- _Data for processing_

============================================================

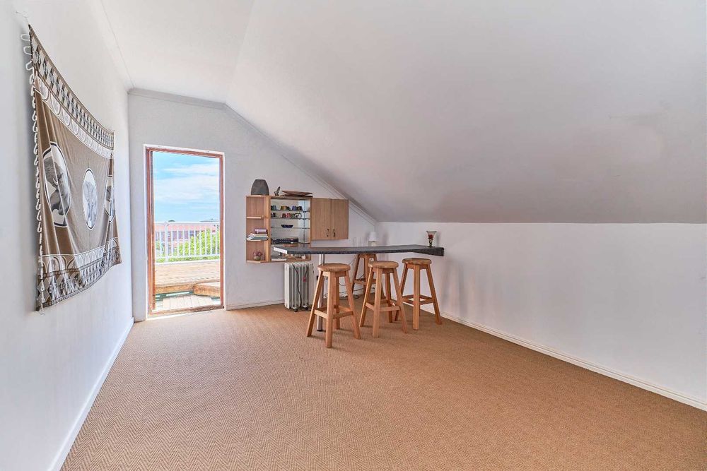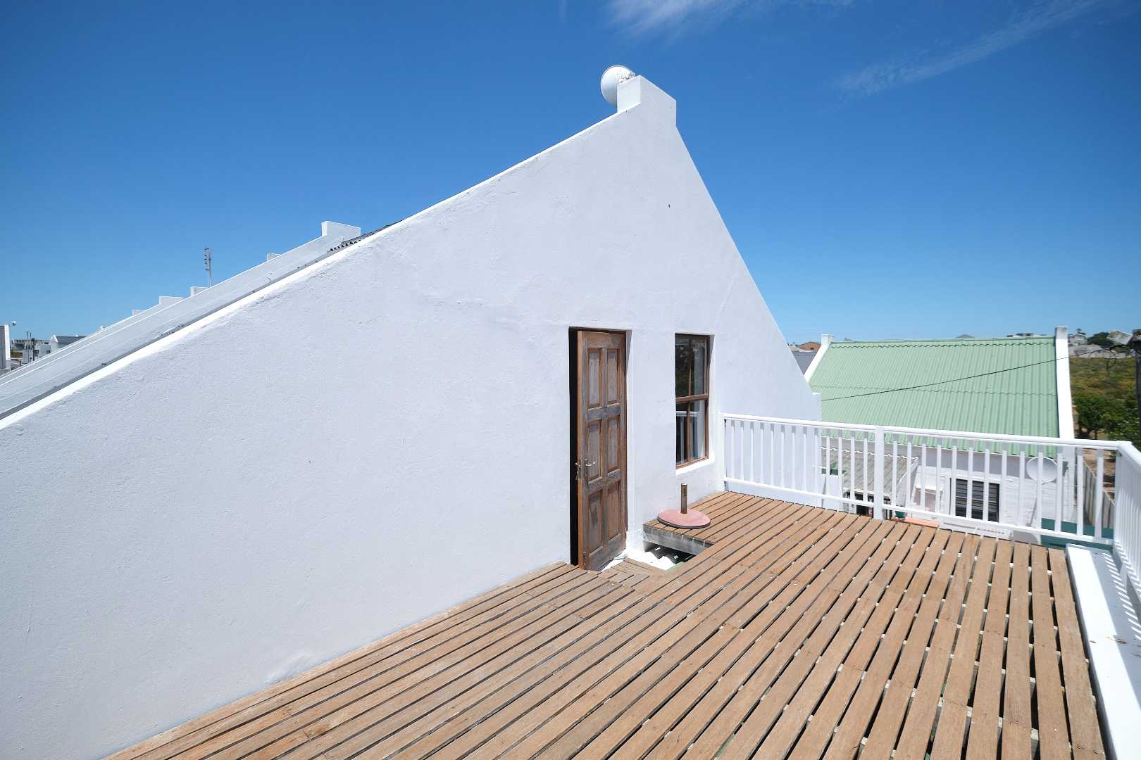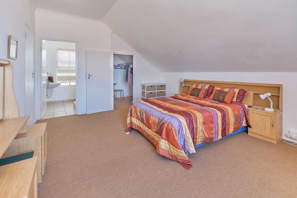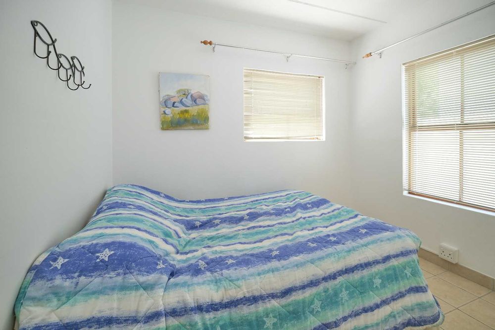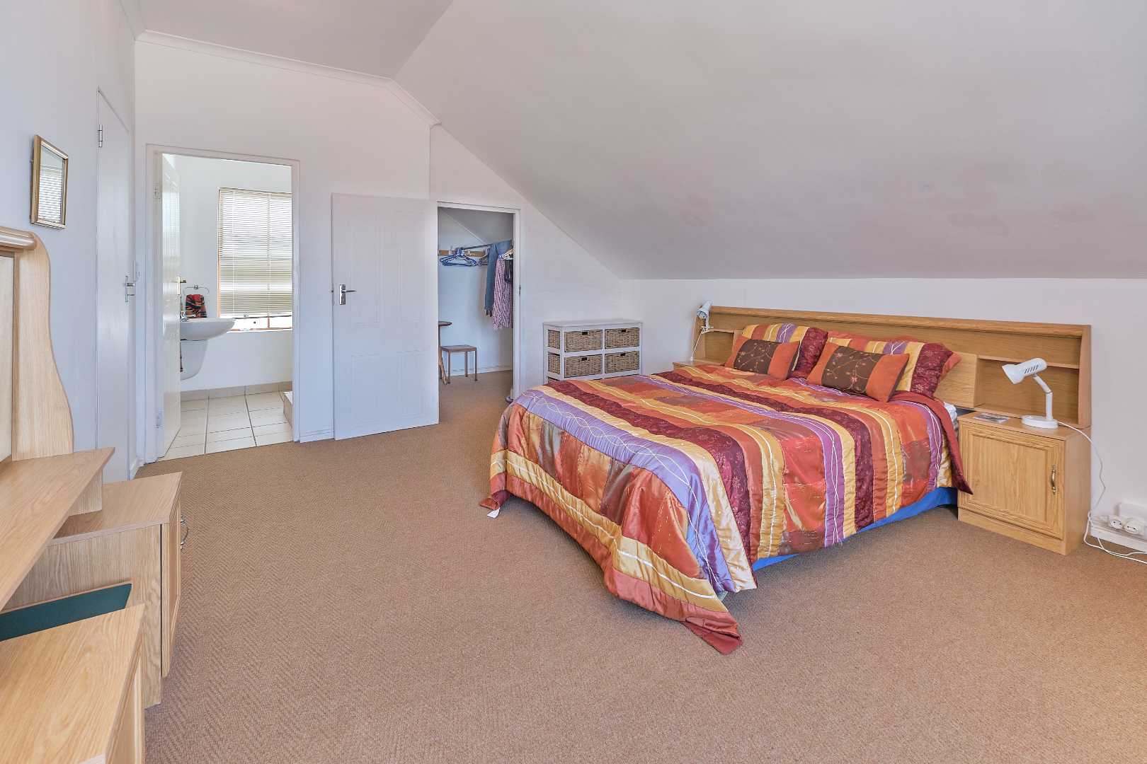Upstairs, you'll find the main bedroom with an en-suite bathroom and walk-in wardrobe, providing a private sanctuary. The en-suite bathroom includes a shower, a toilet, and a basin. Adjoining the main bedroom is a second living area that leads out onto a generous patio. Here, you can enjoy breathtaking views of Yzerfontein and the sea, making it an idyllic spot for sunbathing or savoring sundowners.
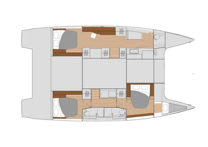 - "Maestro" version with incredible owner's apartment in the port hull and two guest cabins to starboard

============================================================

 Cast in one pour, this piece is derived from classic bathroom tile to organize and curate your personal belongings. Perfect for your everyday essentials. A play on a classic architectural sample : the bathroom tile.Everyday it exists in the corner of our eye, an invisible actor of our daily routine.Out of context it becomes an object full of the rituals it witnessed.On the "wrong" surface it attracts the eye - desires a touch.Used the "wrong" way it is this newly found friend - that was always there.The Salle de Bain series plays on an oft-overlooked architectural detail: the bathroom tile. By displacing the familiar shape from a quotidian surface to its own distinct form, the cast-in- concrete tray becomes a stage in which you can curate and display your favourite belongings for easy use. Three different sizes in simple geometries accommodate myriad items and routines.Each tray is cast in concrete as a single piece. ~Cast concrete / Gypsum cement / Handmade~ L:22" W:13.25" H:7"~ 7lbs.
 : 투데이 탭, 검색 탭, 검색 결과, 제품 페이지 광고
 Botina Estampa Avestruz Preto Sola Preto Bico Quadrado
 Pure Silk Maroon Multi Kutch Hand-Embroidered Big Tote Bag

============================================================

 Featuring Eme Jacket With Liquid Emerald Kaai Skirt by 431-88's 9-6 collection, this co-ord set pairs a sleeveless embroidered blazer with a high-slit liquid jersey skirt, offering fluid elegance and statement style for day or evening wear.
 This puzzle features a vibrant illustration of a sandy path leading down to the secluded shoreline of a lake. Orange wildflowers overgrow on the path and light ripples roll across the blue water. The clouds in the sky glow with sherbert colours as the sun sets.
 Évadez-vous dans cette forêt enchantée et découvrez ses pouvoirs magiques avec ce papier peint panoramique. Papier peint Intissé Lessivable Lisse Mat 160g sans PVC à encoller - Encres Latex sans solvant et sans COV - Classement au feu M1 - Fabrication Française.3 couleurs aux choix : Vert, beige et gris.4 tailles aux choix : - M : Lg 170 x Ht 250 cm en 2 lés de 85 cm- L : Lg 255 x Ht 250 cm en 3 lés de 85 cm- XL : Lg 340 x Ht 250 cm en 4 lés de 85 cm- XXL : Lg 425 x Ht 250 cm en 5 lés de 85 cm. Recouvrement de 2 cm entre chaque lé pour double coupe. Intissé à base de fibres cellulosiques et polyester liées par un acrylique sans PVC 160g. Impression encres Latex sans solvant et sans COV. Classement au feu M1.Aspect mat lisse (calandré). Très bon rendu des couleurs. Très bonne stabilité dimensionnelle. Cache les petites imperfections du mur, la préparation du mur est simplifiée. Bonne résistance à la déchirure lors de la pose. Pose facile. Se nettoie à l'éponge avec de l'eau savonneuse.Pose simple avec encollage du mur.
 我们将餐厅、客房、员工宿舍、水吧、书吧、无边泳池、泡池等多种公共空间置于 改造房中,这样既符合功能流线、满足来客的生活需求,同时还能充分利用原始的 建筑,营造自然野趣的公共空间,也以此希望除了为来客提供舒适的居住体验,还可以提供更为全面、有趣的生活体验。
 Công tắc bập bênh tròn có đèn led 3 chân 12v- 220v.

============================================================

- _Exercise aim_
For this exercise, set down the lines in the entries above from the one with "Upstairs, you'll find" through the one with "cabins to starboard" exactly as written, without any pictures.

- _Reply_
Upstairs, you'll find the main bedroom with an en-suite bathroom and walk-in wardrobe, providing a private sanctuary. The en-suite bathroom includes a shower, a toilet, and a basin. Adjoining the main bedroom is a second living area that leads out onto a generous patio. Here, you can enjoy breathtaking views of Yzerfontein and the sea, making it an idyllic spot for sunbathing or savoring sundowners.
 - "Maestro" version with incredible owner's apartment in the port hull and two guest cabins to starboard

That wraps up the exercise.